Tuesday, November 9, 2010

The Great Patriotic War

In order to have a deeper love and appreciation for the Russian people it is important to know some of their history.  It is hard to grasp the devastation that befell the Russian people by the end of the Great Patriotic War (known to the United States and other countries as WWII).  Millions and millions of Russian people died during the years between 1941 and 1945.  There are many, many war sites, monuments, museums, etc., reflecting on their great heroes from the past.  Last week, on our P-day, Stephen and I went to see Victory Park.  Although initially proposed in 1947, this memorial complex, honoring the victims of the Great Patriotic War, did not open until the 50th anniversary of the end of that conflict, in 1995.  It is a genuinely moving tribute to the Soviet Union's estimated 27 million war dead.

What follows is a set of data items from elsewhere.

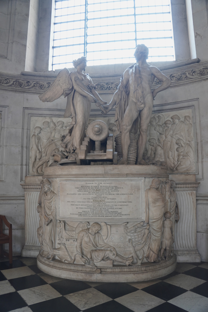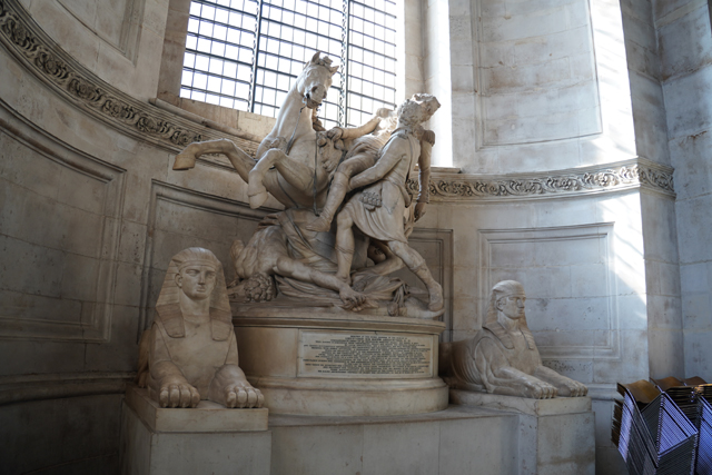 看過近處的洗禮池,我逛去側廊,這裡的紀念碑沒像「西敏寺」擺得滿坑滿谷,比較類似點綴用的藝品,幫牆側那些弧凹龕室添色。例外的是左邊列柱間那座,山簷弧拱堆砌為塔門,塔頂又立了一尊騎馬人像,感覺應是特別顯貴。也的確,他是「威靈頓元帥」啊,早年在印度建立功勳,回到歐陸也戰績連連,「滑鐵盧」一役更是擊敗拿破崙,名留了青史,之後還兩度擔任首相。
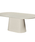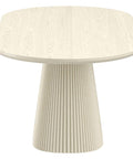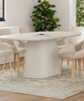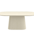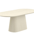 Elevate your dining experience with this oval pedestal base dining table, a hallmark of high-end designer inspiration. Featuring a beautifully reeded wood base, this table exudes timeless charm, offering a refined focal point for any dining space. The bevelled table top and the visible wood grain throughout add natural beauty and organic texture.
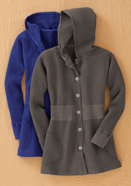 Its everything you want in a throw on- and-go piece: easy fit, endless comfort, stylish touches. Soft, stretchy lightweight hoodie hangs a bum-covering 30 (tunic length). Waffle cotton, garment-dyed and preshrunk, with silver metal buttons and raw-edge details. Sizes S(46), M(810), L(1214), XL(1416), 1X(1820), 2X(2022). Relaxed fit. Made in the USA.
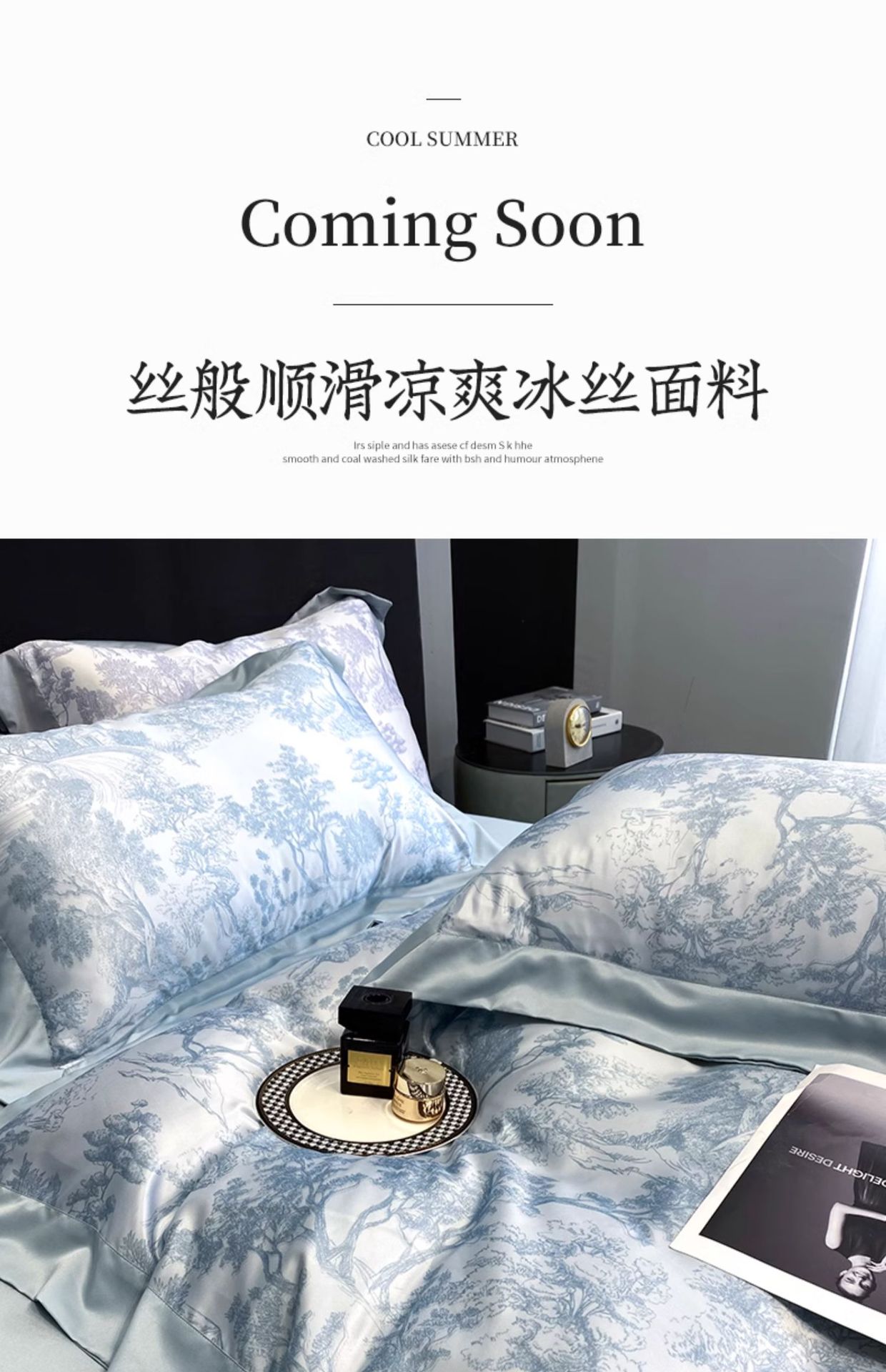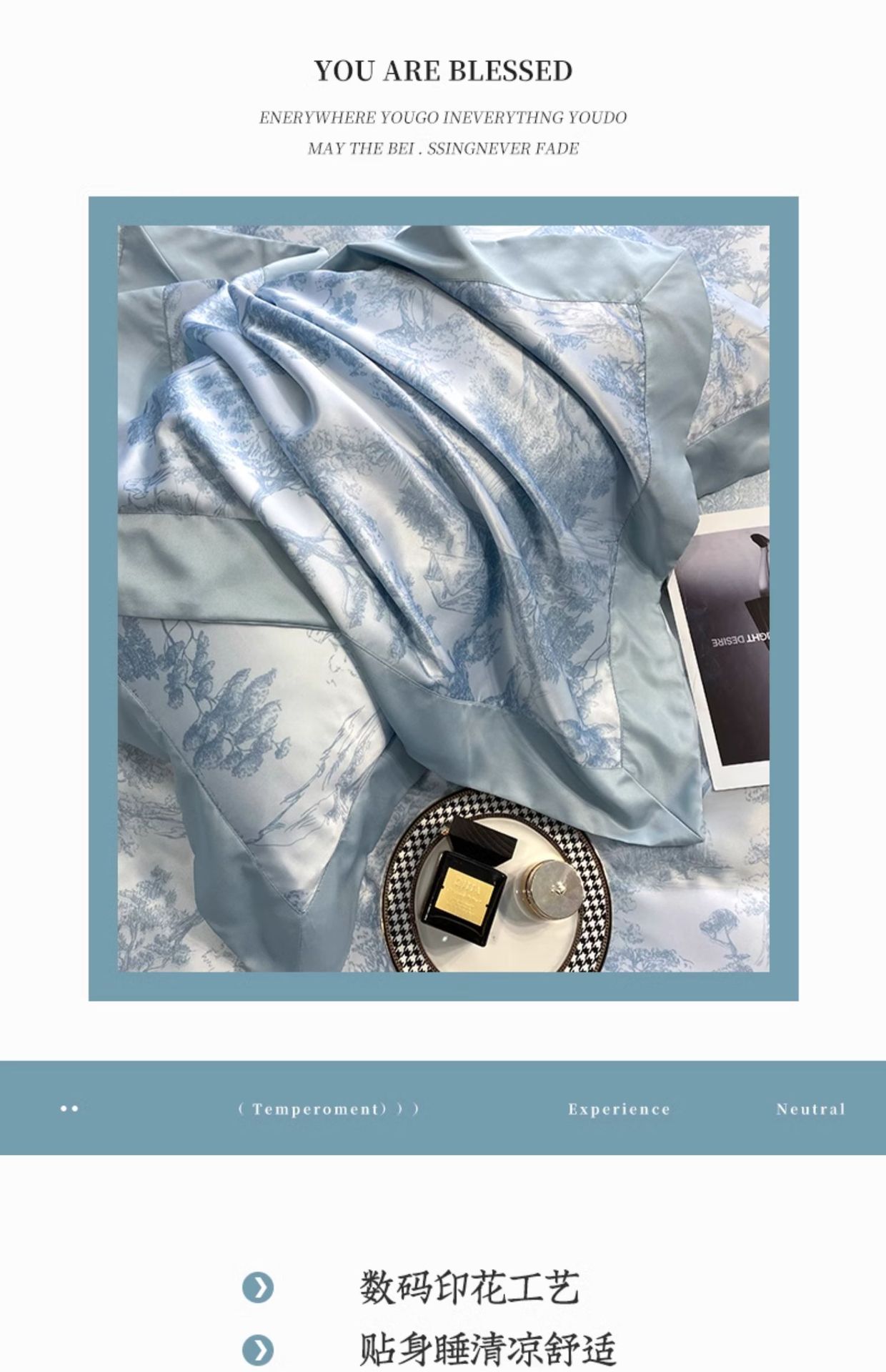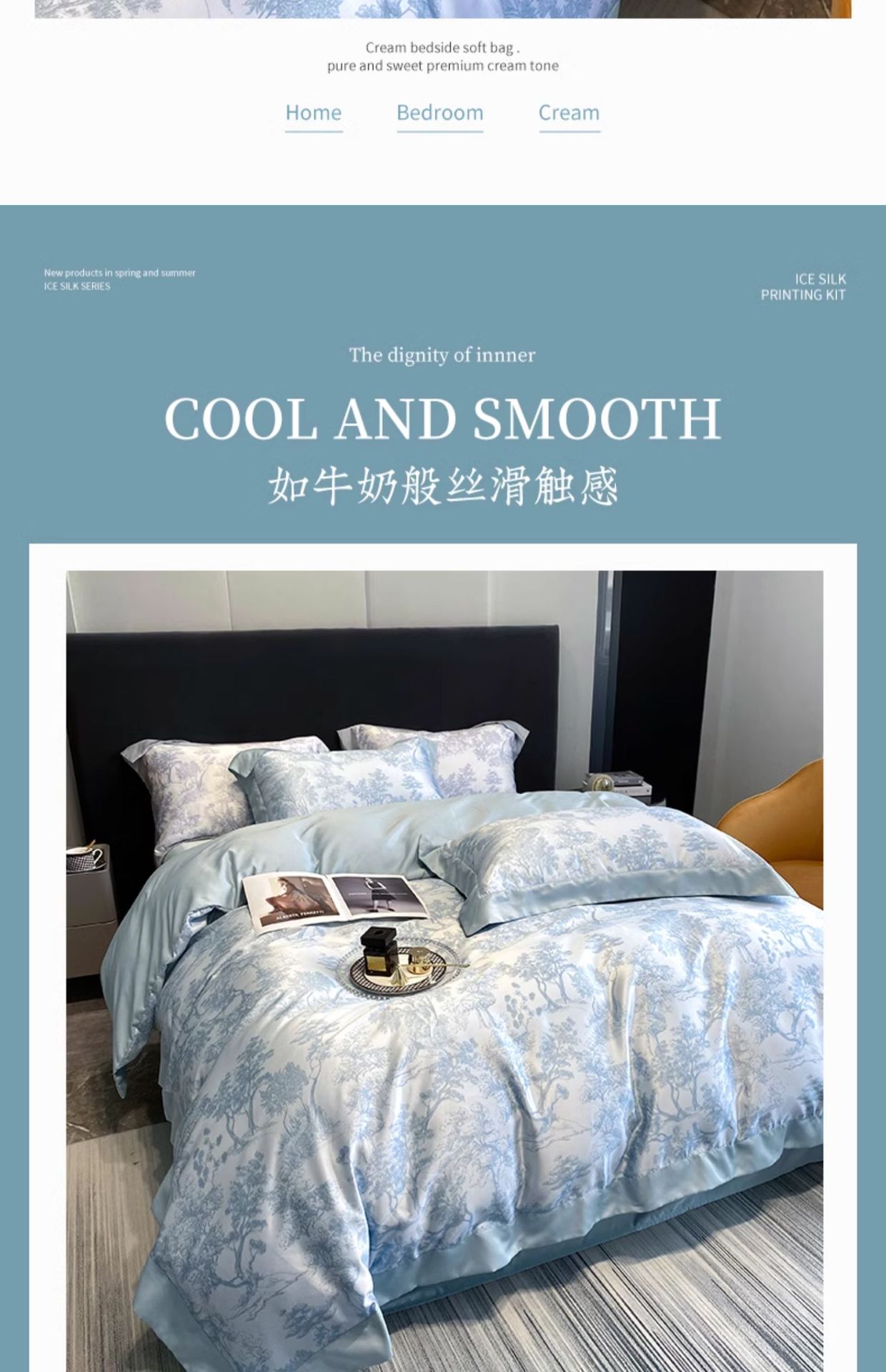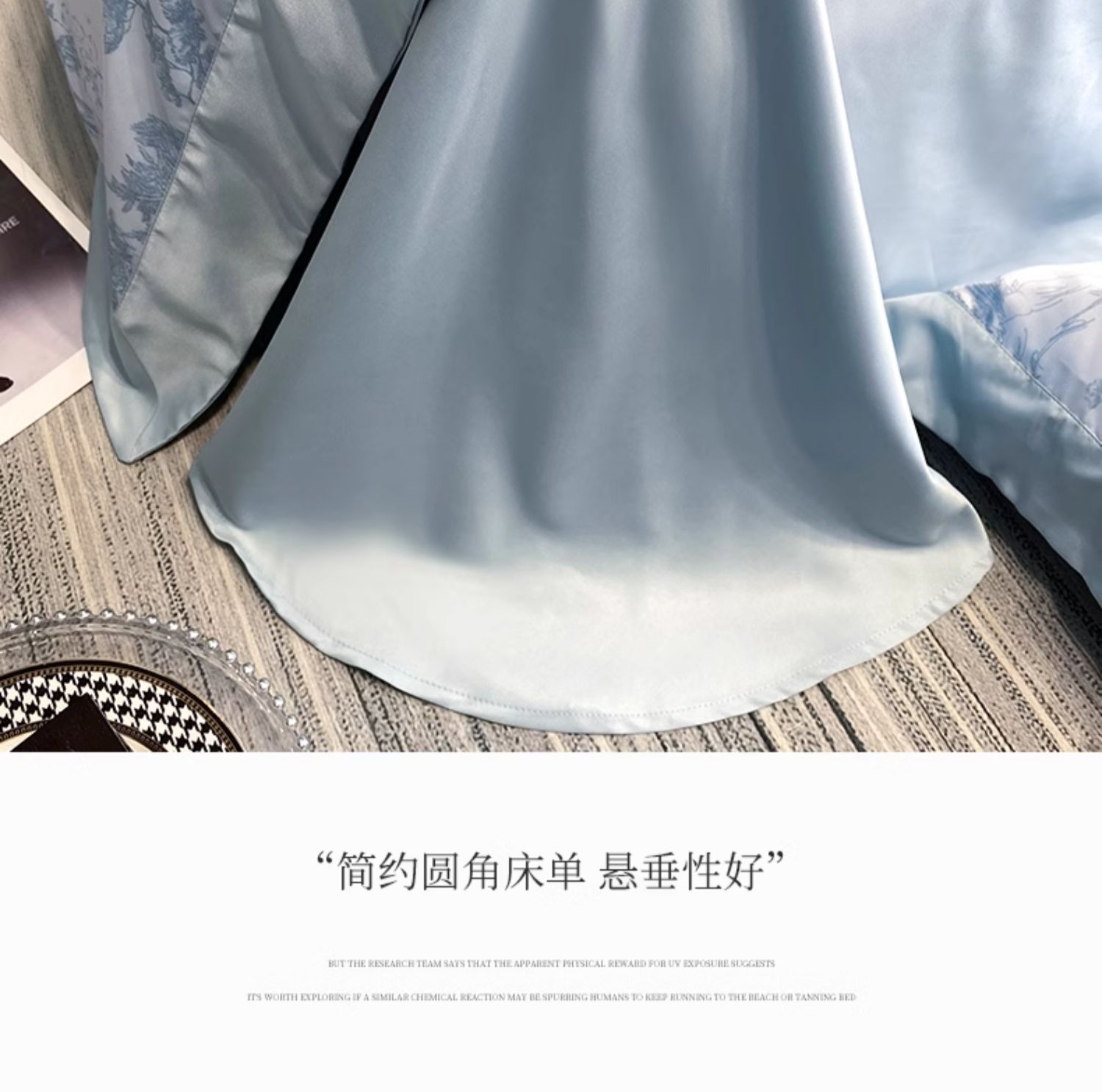 간단한 씻은 실크 4 피스 아이스 실크 퀼트 커버 유럽식 실크 벗은 잠자는 여름 침대 텐셀 침대 시트스토어 가기
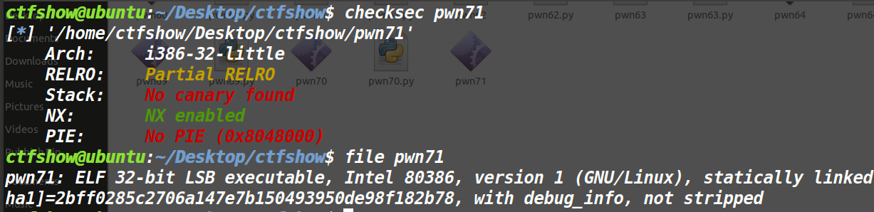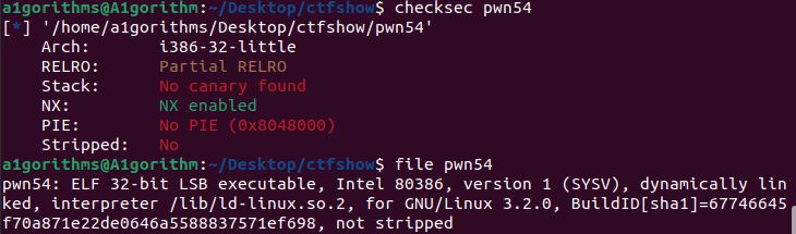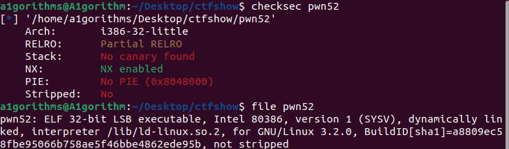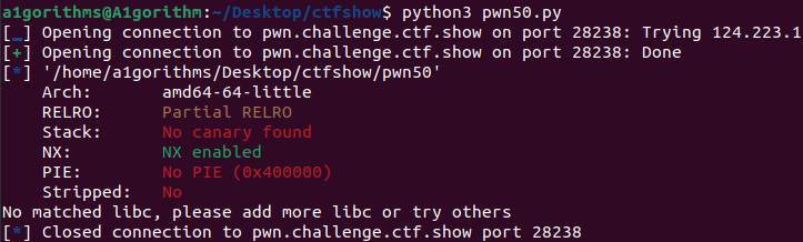 跟题目说的一样,只开了个NX保护,而且是动态,可用ret2libc
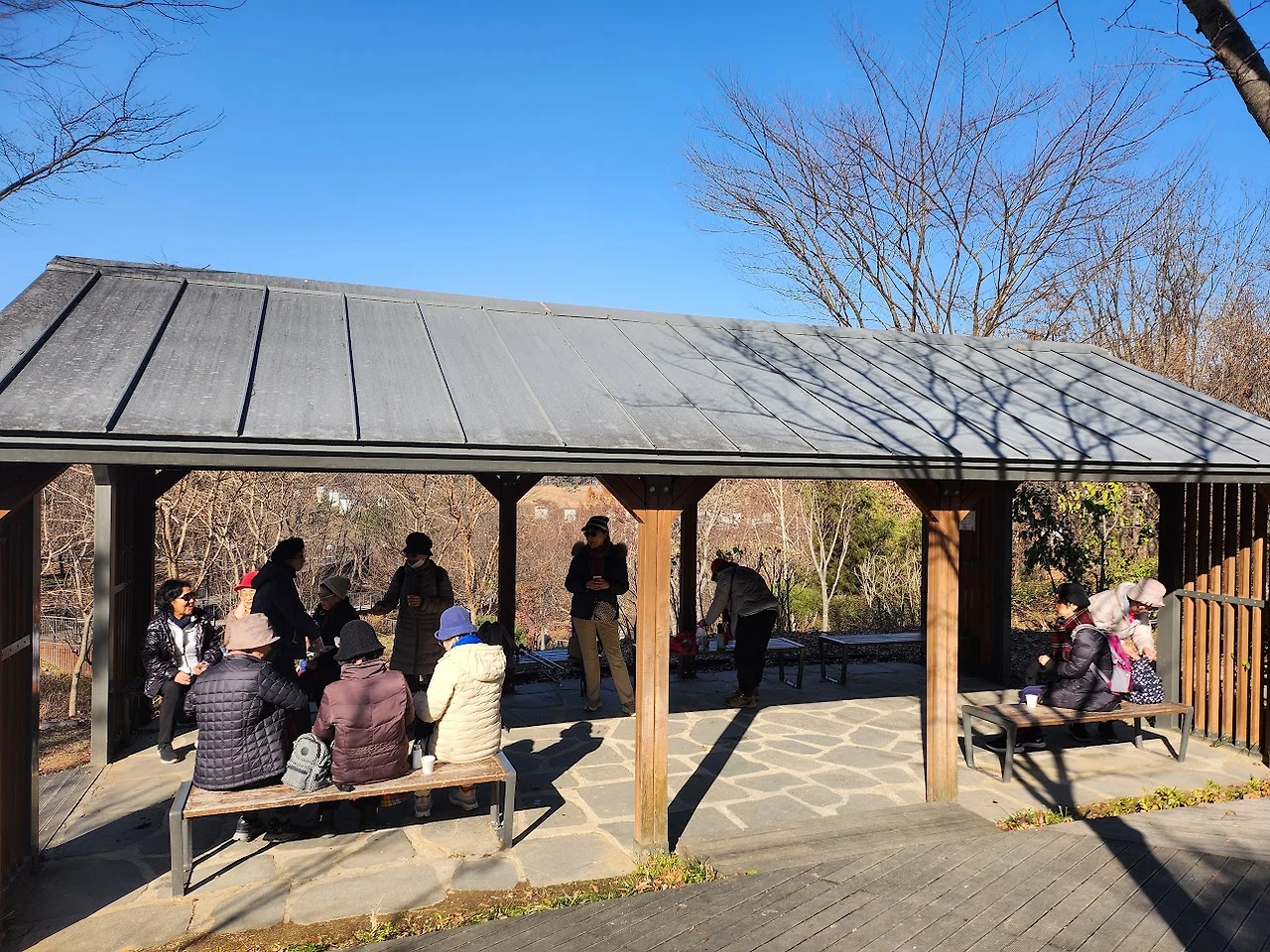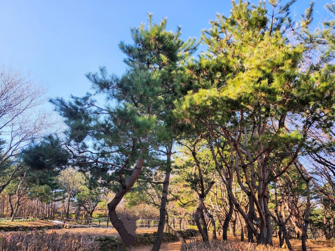 불국사에서 내려오면서 보이는 쉼터에서 잠시 쉬었다가 야생화 화원이라는 곳으로 내려간다. 이곳부터 대모산 도시자연공원이 시작되는 것 같은데 불국사 아래 대모산 북쪽 경사면으로 전에 이곳이 근처 주민들이 무분별하게 텃밭을 가꾸던 곳으로 대모산이 많이 훼손되므로 강남구청이 매입하여 시민공원으로 조성하였다고 한다. 팻말에는 대모산 숲 속 야생화원 안내도도 그려져 있다. 때가 때인 만큼 오늘 야생화 화원은 황량하고 활엽수들도 단풍이 거의 떨어져서 앙상한 가지들만 보이지만 늘 푸른 소나무 숲길도 있어 겨울 소나무의 가치를 드러내고 있다. 한 달 전 단풍철에 왔거나 봄철에 꽃필 때 오면 참 아름다울 것 같다. 내년에 다시 오고 싶은 곳이라고 점찍어 두고 일원역 쪽으로 내려간다.
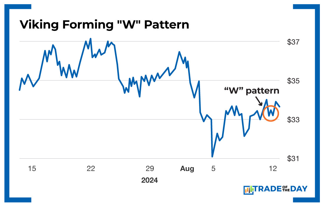 A very noticeable “W” on the daily chart gives me the indication that VIK is now poised to re-test the recent highs around $37.00. To see how we're playing this trade, you're invited to join us in our new live streaming service called Catalyst Cashouts LIVE. Tomorrow at 2 p.m. EST. I'll reveal the exact trade for you to make. Join Cashouts today – and join us to get this new trade tomorrow afternoon!
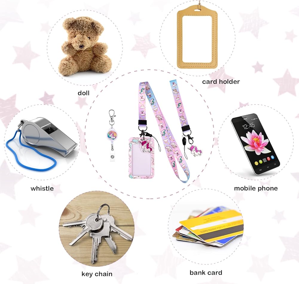تصميم بسيط وفريد من نوعه: يتميز الحبل وبطاقة الهوية بطباعة لطيفة على الأمام والخلف. لون مشرق وحلقة مفاتيح كرتونية صغيرة لطيفة تجعلها أكثر حيوية ورائعة. بسيط وأنيق، وخفيف الوزن، ومريح وناعم، مع فتحة/فتحة حبل لسهولة التركيب والإزالة.
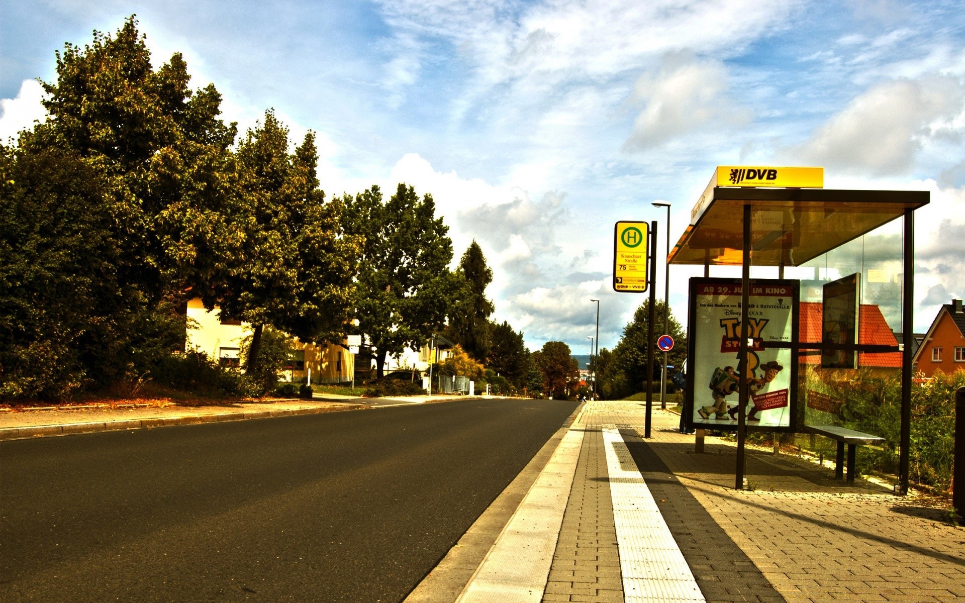 Deserted bus stop near the forest
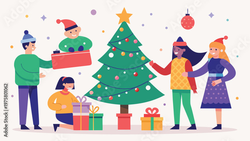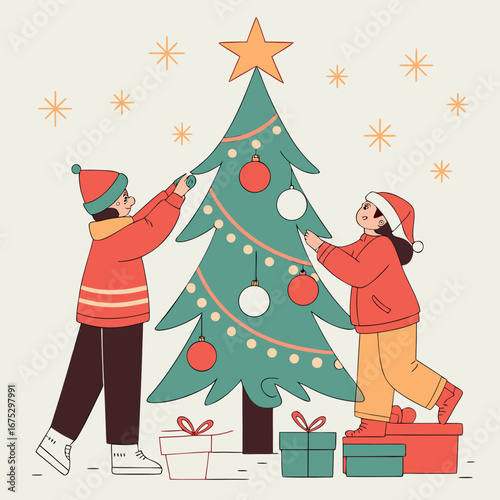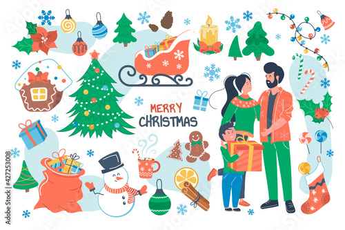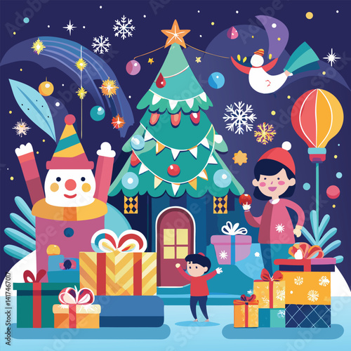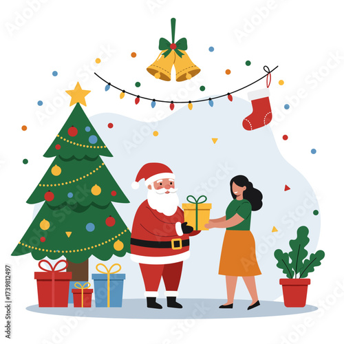 Happy girls celebrating Christmas online, flat vector illustration. Laptop computer and smartphone screens with young women in Santa hats. Online party, video call technologies.

Zurab Tsereteli monument, is 141.8 meters high and reflects the 1,418 days of the Great Patriotic War.
At the base of this monument is St. George, the patron saint of Moscow, slaying the dragon.

The eternal flame in front of the Central Museum of the Great Patriotic War.

One of several dioramas inside the museum.  This one reflects the 1941 Battle of Moscow.

Red Square in 1941.

Two dioramas of the 1941-1944 Siege of Leningrad.

Unfailingly moving, the Hall of Memory and Sorrow holds 19,500,000 names of the dead or missing.
From the ceiling hang tear-like shaped prisms, each one representing so many thousands of people.

In the Hall of Glory it lists the names of the 11,000 soldiers awarded the highest military honor, the Hero of the Soviet Union.

One of the war's Hero Cities, Kiev.

Another one of the Hero Cities, Moscow.

In Victory Park is the Church of St. George the Victorious, which was the first church built in Moscow since the Revolution.


  1. We visited a similar museum in China and it was really difficult to see and read about the horrible tragedies and difficult times they had to endure. It's nice that you're learning more of the history of Russia. I'm sure it makes you love the people even more.

  2. Don't learn too much about Russian history. You're an American!

  3. John and Becky I could only laugh at your silly comment :)Obviously you have no idea of the pain and suffering that was inflicted on nations worldwide as a result of WWII.

  4. God bless you. Learn what you want. Truth set us free.